R: A interface function to use nnet() function within GAMLSS
nn
R Documentation
A interface function to use nnet() function within GAMLSS
Description
The nn() function is a additive function to be used for GAMLSS models.
It is an interface for the nnet() function of package
nnet of Brian Ripley. The function nn() allows the user to use neural networks
within gamlss. The great advantage of course comes from the fact GAMLSS models provide a variety of distributions and diagnostics.
A formula containing the expolanatory variables i.e. ~x1+x2+x3.
control
control to pass the arguments for the nnet() function
...
for extra arguments
size
number of units in the hidden layer. Can be zero if there are skip-layer units
linout
switch for linear output units. Default is TRUE, identily link
entropy
switch for entropy (= maximum conditional likelihood) fitting. Default by least-squares.
softmax
switch for softmax (log-linear model) and maximum conditional likelihood fitting. linout, entropy, softmax and censored are mutually exclusive.
censored
A variant on softmax, in which non-zero targets mean possible classes. Thus for softmax a row of (0, 1, 1) means one example each of classes 2 and 3, but for censored it means one example whose class is only known to be 2 or 3.
skip
switch to add skip-layer connections from input to output
rang
Initial random weights on [-rang, rang]. Value about 0.5 unless the inputs are large, in which case it should be chosen so that rang * max(|x|) is about 1
decay
parameter for weight decay. Default 0.
maxit
parameter for weight decay. Default 0.
Hess
If true, the Hessian of the measure of fit at the best set of weights found is returned as component Hessian.
trace
switch for tracing optimization. Default FALSE
MaxNWts
The maximum allowable number of weights. There is no intrinsic limit in the code, but increasing MaxNWts will probably allow fits that are very slow and time-consuming.
abstol
Stop if the fit criterion falls below abstol, indicating an essentially perfect fit.
reltol
Stop if the optimizer is unable to reduce the fit criterion by a factor of at least 1 - reltol.
Details
Note that, neural networks are over parameterized models and therefor notorious for multiple maximum.

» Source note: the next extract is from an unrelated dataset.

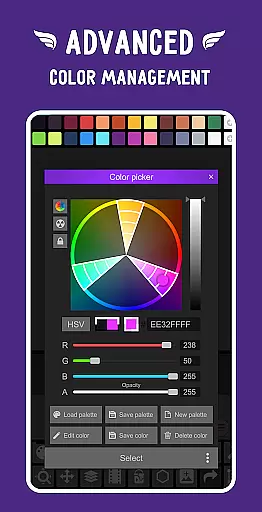 Pixel Studio PRO supports all popular formats including PNG, JPG, GIF, BMP, TGA, PSP (Pixel Studio Project), PSD (Adobe Photoshop), and EXR. For professionals, extended format support includes AI, EPS, HEIC, PDF, SVG, WEBP (cloud read-only), and PSD (cloud read/write). This wide range of compatibility ensures that users can import and export their work across different platforms and software seamlessly.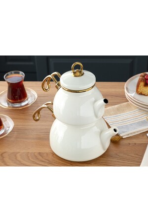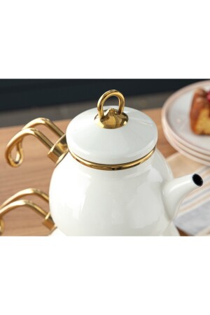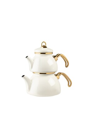 Nv10055 Porselen Demlikli Beyaz Emaye Çaydanlık Takımı

There is no guarantee that two identical fits will produce identical results.
Value
Note that nn itself does no smoothing; it simply sets things up for the function gamlss() which in turn uses the function
additive.fit() for backfitting which in turn uses gamlss.nn()
Warning
You may have to fit the model several time to unsure that you obtain a reasonable minimum
Rigby, R. A. and Stasinopoulos D. M. (2005). Generalized additive models for location, scale and shape,(with discussion),
Appl. Statist., 54, part 3, pp 507-554.
Ripley, B. D. (1996) Pattern Recognition and Neural Networks. Cambridge.
Stasinopoulos D. M., Rigby R.A. and Akantziliotou C. (2006) Instructions on how to use the GAMLSS package in R.
Accompanying documentation in the current GAMLSS help files, (see also http://www.gamlss.org/).
Stasinopoulos D. M. Rigby R.A. (2007) Generalized additive models for location scale and shape (GAMLSS) in R.
Journal of Statistical Software, Vol. 23, Issue 7, Dec 2007, http://www.jstatsoft.org/v23/i07.
Venables, W. N. and Ripley, B. D. (2002) Modern Applied Statistics with S. Fourth edition. Springer.